Reproduce only the lines below from the line containing "Vacationers have the" to the line containing "Hus Langskipp Guards", exactly as written, with both end lines kept. Omit the pictures.
:::::
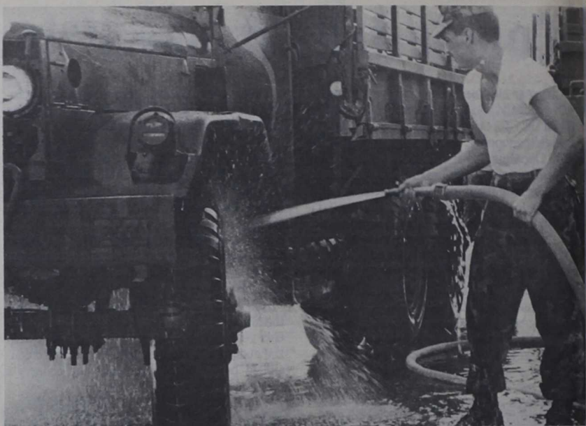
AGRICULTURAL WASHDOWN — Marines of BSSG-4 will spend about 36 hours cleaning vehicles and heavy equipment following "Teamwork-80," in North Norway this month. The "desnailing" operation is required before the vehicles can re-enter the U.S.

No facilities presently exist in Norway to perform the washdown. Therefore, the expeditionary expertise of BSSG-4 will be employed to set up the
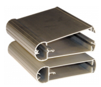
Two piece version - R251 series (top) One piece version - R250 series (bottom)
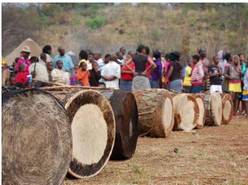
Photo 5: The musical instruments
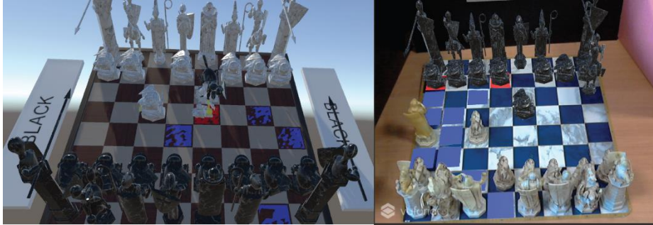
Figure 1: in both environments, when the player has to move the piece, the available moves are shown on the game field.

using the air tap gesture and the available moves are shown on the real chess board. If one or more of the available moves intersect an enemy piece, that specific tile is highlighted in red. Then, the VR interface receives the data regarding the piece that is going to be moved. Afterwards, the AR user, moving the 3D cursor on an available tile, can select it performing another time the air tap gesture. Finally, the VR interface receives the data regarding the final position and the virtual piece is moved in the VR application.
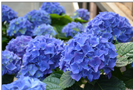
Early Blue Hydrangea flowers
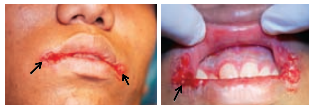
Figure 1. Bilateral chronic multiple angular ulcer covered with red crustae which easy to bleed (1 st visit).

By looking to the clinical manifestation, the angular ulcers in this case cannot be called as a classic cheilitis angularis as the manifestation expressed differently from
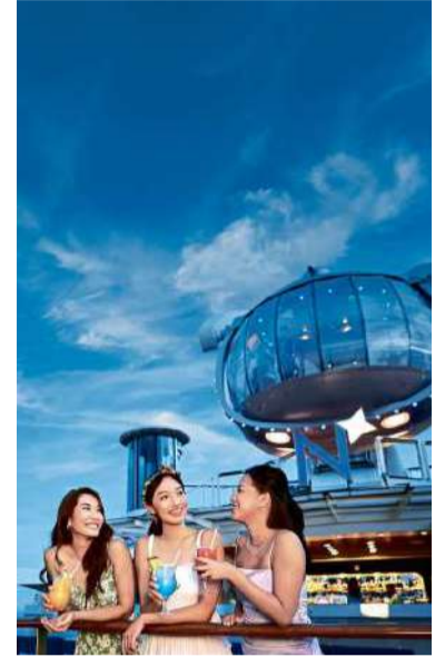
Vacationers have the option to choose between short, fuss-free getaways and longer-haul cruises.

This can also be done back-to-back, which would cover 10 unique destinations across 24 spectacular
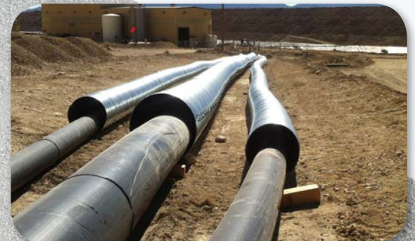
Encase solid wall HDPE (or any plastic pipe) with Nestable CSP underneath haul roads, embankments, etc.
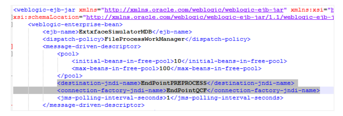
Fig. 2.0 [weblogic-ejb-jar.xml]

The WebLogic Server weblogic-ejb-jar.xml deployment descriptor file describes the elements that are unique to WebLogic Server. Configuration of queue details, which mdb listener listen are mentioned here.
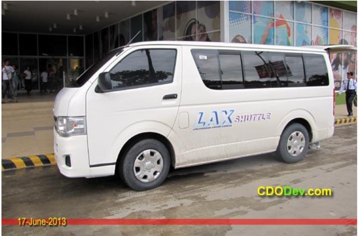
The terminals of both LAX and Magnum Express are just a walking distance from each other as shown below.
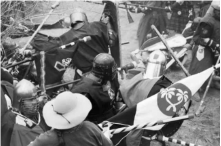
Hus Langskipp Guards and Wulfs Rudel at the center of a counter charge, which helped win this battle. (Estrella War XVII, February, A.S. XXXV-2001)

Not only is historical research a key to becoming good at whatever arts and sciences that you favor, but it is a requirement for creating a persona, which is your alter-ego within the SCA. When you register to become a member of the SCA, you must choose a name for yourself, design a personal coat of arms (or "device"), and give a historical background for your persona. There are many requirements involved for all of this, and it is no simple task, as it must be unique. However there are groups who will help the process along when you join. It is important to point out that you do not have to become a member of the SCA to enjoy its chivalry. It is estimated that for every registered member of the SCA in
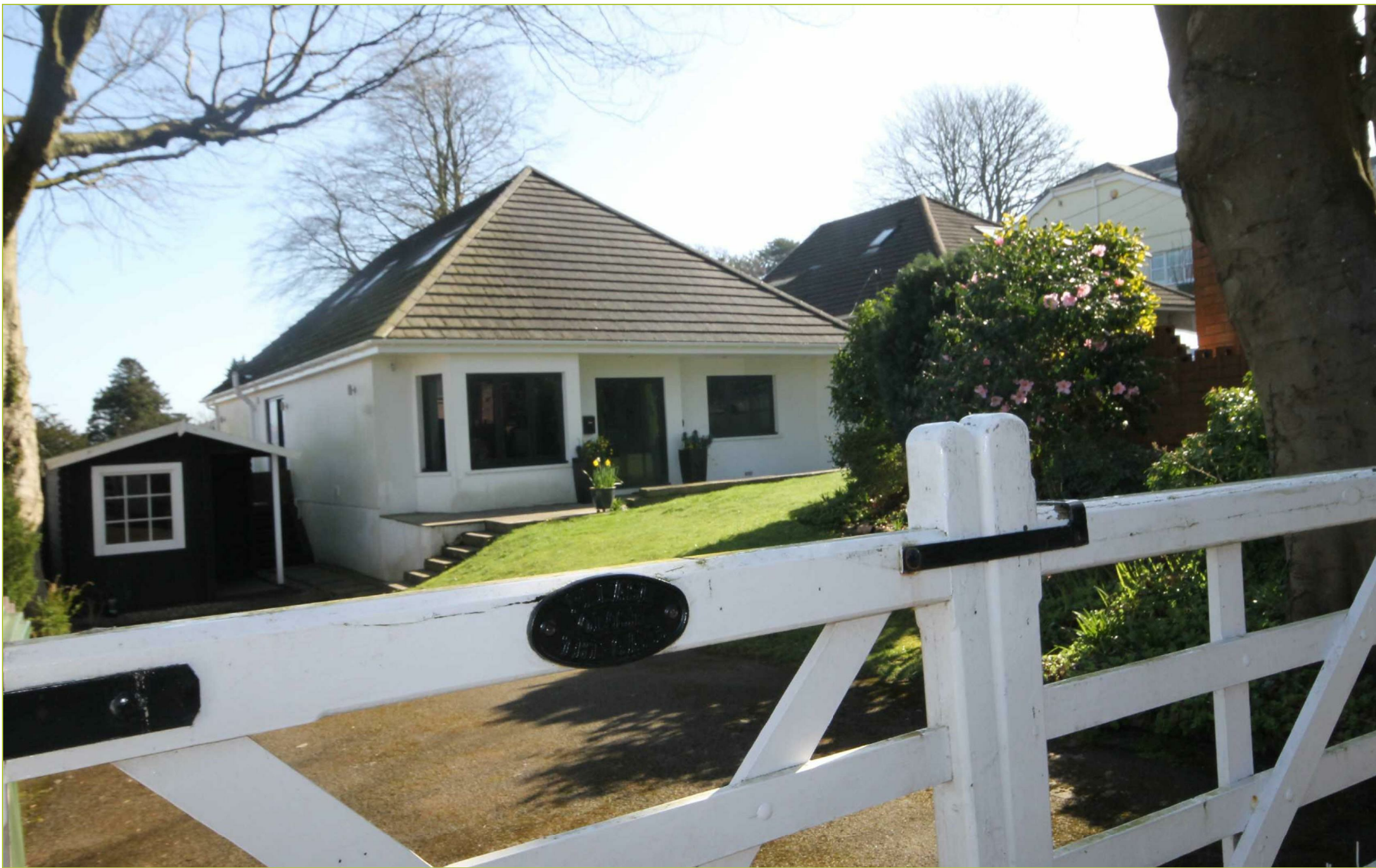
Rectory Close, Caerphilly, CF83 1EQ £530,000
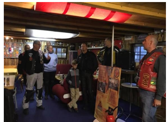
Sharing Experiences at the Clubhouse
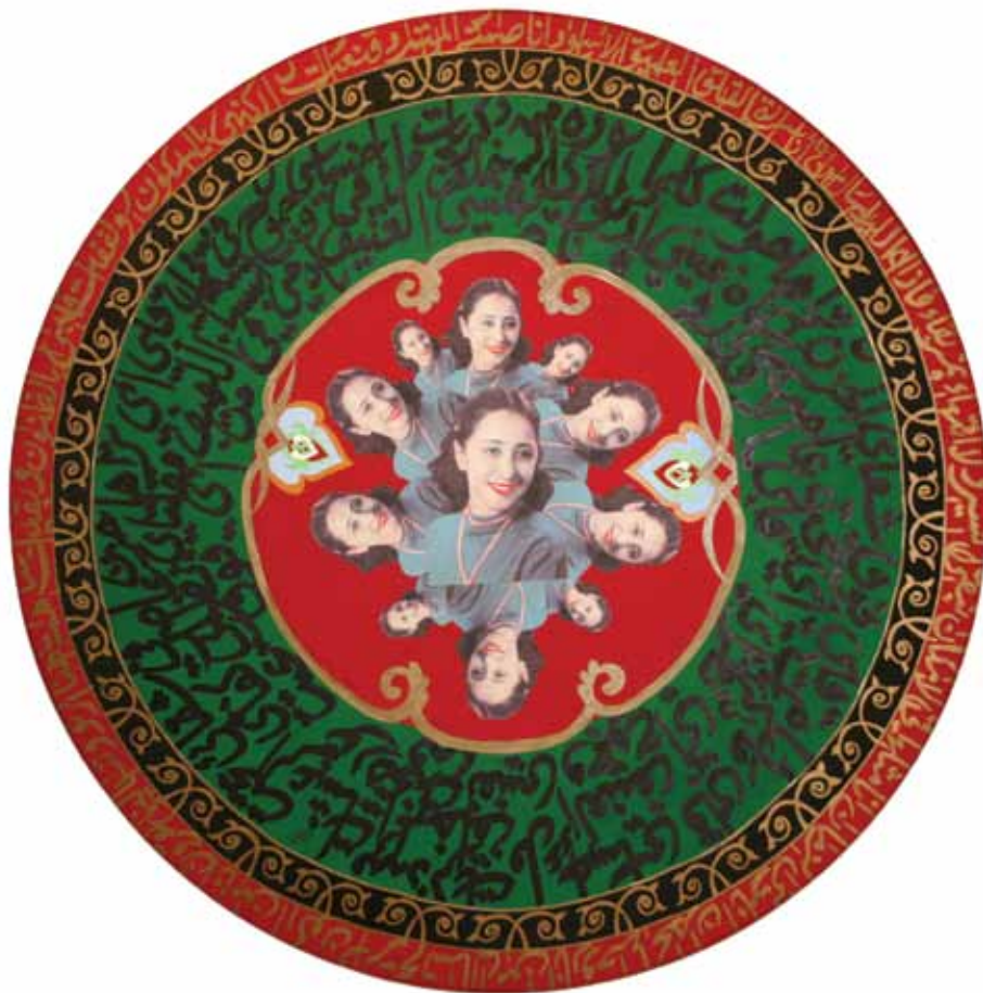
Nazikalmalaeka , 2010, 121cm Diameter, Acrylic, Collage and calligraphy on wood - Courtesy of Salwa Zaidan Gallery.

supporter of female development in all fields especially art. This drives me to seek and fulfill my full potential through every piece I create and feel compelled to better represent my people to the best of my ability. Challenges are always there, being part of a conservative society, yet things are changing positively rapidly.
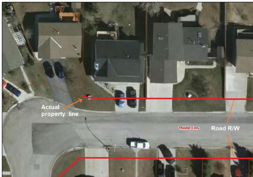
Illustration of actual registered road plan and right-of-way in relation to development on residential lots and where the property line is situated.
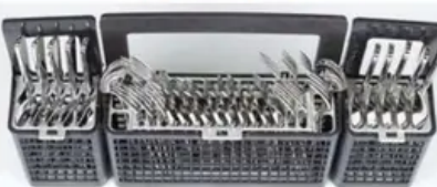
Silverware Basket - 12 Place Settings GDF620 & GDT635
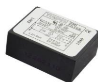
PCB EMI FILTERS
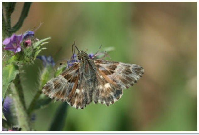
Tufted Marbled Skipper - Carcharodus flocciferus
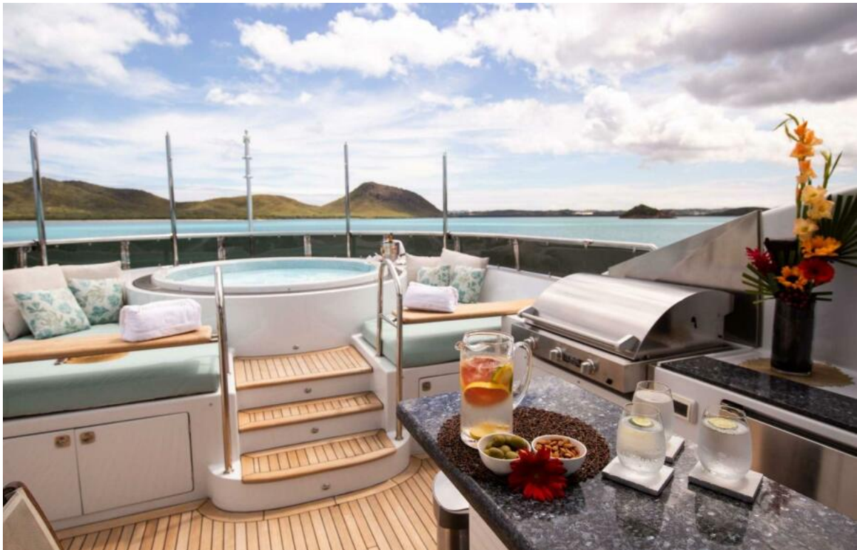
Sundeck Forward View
:::::
### Answer space
Vacationers have the option to choose between short, fuss-free getaways and longer-haul cruises.

This can also be done back-to-back, which would cover 10 unique destinations across 24 spectacular
Encase solid wall HDPE (or any plastic pipe) with Nestable CSP underneath haul roads, embankments, etc.
Fig. 2.0 [weblogic-ejb-jar.xml]

The WebLogic Server weblogic-ejb-jar.xml deployment descriptor file describes the elements that are unique to WebLogic Server. Configuration of queue details, which mdb listener listen are mentioned here.
The terminals of both LAX and Magnum Express are just a walking distance from each other as shown below.
Hus Langskipp Guards and Wulfs Rudel at the center of a counter charge, which helped win this battle. (Estrella War XVII, February, A.S. XXXV-2001)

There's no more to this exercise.